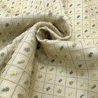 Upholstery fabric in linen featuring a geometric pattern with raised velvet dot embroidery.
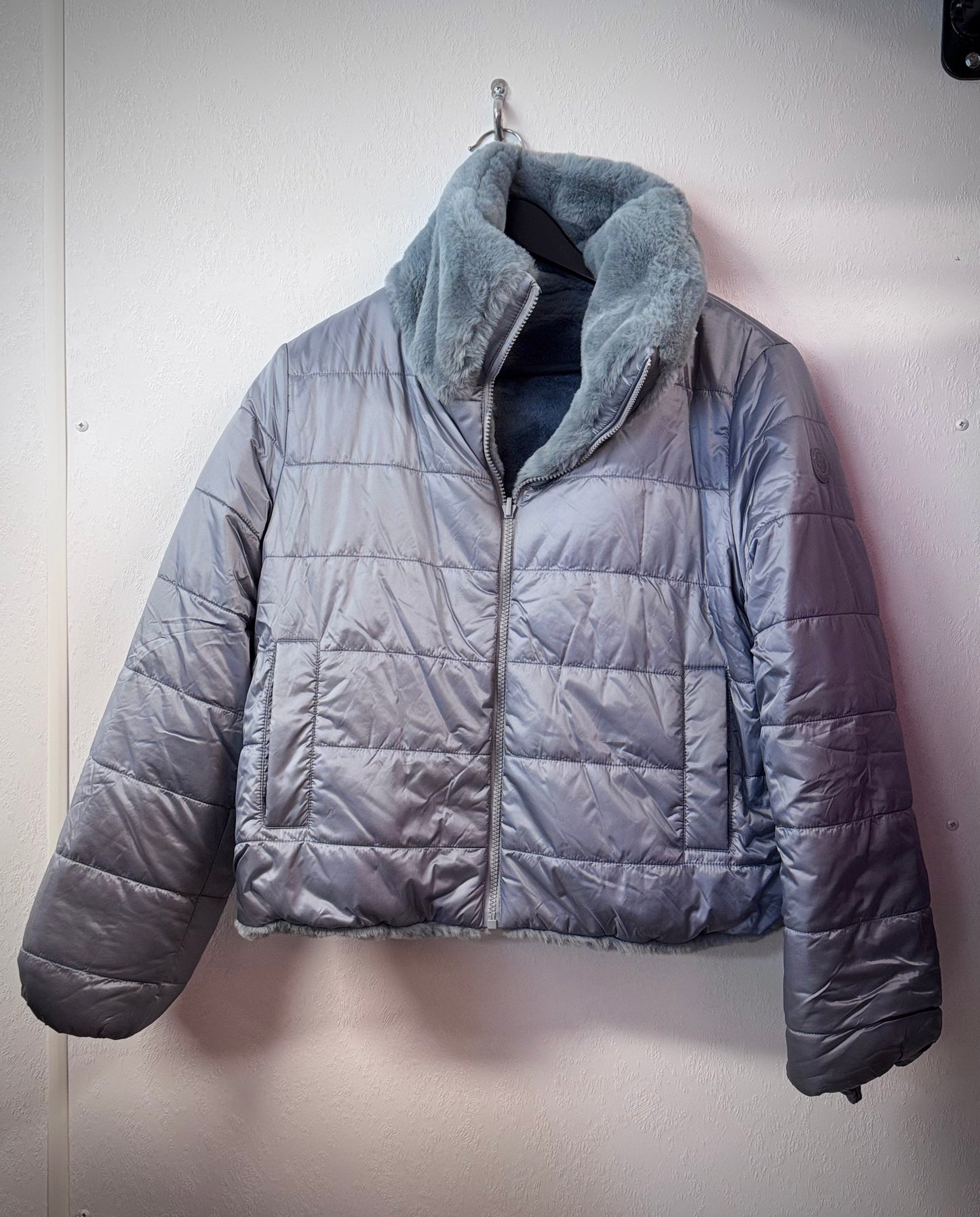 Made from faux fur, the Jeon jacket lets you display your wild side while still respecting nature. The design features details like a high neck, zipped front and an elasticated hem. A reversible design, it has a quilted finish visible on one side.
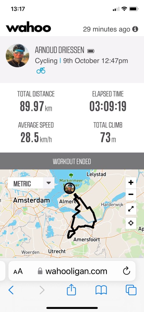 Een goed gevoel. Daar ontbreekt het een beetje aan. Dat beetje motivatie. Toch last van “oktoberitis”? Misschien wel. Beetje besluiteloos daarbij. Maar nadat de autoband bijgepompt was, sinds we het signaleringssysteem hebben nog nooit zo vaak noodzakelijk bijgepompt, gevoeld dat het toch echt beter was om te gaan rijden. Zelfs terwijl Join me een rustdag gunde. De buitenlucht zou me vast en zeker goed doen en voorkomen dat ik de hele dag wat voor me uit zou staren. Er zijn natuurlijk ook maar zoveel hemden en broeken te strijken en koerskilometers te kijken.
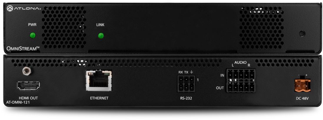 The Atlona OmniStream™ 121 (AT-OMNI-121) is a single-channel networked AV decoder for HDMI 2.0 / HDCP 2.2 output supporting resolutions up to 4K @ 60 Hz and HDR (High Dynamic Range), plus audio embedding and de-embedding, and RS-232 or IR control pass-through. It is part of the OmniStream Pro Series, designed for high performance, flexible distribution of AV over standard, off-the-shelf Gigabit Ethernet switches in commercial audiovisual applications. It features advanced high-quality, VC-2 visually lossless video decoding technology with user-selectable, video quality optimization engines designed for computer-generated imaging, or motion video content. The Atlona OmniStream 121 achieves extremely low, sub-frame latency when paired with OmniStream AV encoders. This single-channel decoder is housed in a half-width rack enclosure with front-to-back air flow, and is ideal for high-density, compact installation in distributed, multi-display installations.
■ ■ ■ ■ ■
May I have only the lines from the start of the data through the line containing "Made from faux", both included, reproduced exactly and without the pictures?

• **Result of this task**
 Upholstery fabric in linen featuring a geometric pattern with raised velvet dot embroidery.
 Made from faux fur, the Jeon jacket lets you display your wild side while still respecting nature. The design features details like a high neck, zipped front and an elasticated hem. A reversible design, it has a quilted finish visible on one side.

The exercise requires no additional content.